Python calls __getattribute__ on every request to access an attribute. It must get and return the attribute value or return AttributeError.

The usual lookup semantics of checking __dict__, __slots__, the class attributes, or __getattr__ are all defined within __getattribute__. So if a class overrides __getattribute__, it must implement all of the attribute access semantics that it wants to offer, but this can often be achieved by delegating to the superclass implementation.

The difference between __getattr__ and __getattribute__ is that __getattr__ is only called during instance attribute lookup as a fallback when the attribute can’t be found via __getattribute__ 1, whereas __getattribute__ is called before performing the lookup, on every access.

Note that overriding __getattribute__ can slow attribute accesses since it’s invoked on every attribute access.

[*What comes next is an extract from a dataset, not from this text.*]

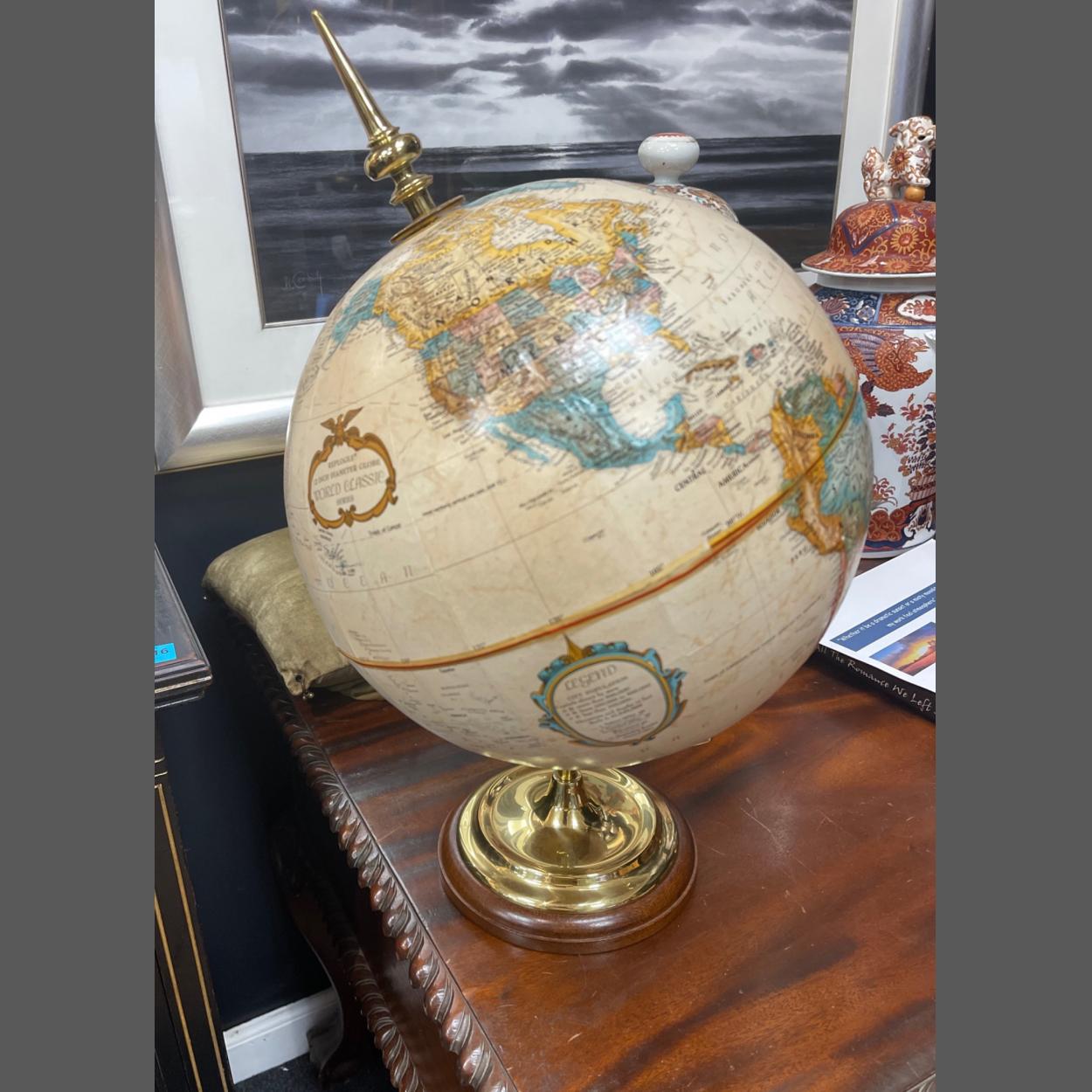 THE WORLD IS YOUR OYSTER - A WORLD GLOBE on a brass style stand - height 50cm x diameter 32cm approx

In the following example which extends list and prevents accessing (and therefore calling) the append method attribute.

class listNoAppend(list):
  def __getattribute__(self, name):
    if name == 'append': raise AttributeError(name)
    return list.__getattribute__(self, name)

__hash__

The __hash__ method is invoked in contexts that require an object’s hash value such as when keying a dictionary. It must return an int such that if two objects are considered equal via __eq__, their hash must be equal as well.

If __hash__ is absent as well as __eq__, then it delegates to id().

If __hash__ is absent but __eq__ is present, calling hash() raises an exception.

Usually __hash__ is defined only for immutable objects that also define __eq__.

__bool__ and __nonzero__

When evaluating an object in a Boolean context, Python 2 calls __nonzero__, otherwise Python calls __len__ instead if present, or assumes the object to be True if __len__ is not present.

In Python 3, this special method is __bool__.

__repr__

This method returns a complete, exact string representation of an object. Ideally, it would evaluate such that:

eval(repr(x)) == x

__setattr__

This is called on every request to bind an attribute.

Care must be taken to avoid recursion by modifying the __dict__ directly, or it can delegate to the superclass’ implementation.

__str__

This method returns an informal, potentially-approximate, concise, human-readable string representation of an object.

If absent, Python calls __repr__ instead.

Collection Special Methods

A sequence with $L$ items should accept any integer key $K$ such that $-L \le K \lt L$. A negative index $-K$ which is $-L \le K \lt 0$ should be equivalent to $K + L$.

Keying with an invalid type should raise TypeError and keying with an out-of-range index should raise IndexError. The for statement relies on this for sequences that don’t define __iter__.

Slicing into a container with [i:j] or [i:j:k] invokes the object’s item-access special method with the key set to a slice object which has attributes start, stop, and step, where each attribute is None if it is omitted in the slice syntax.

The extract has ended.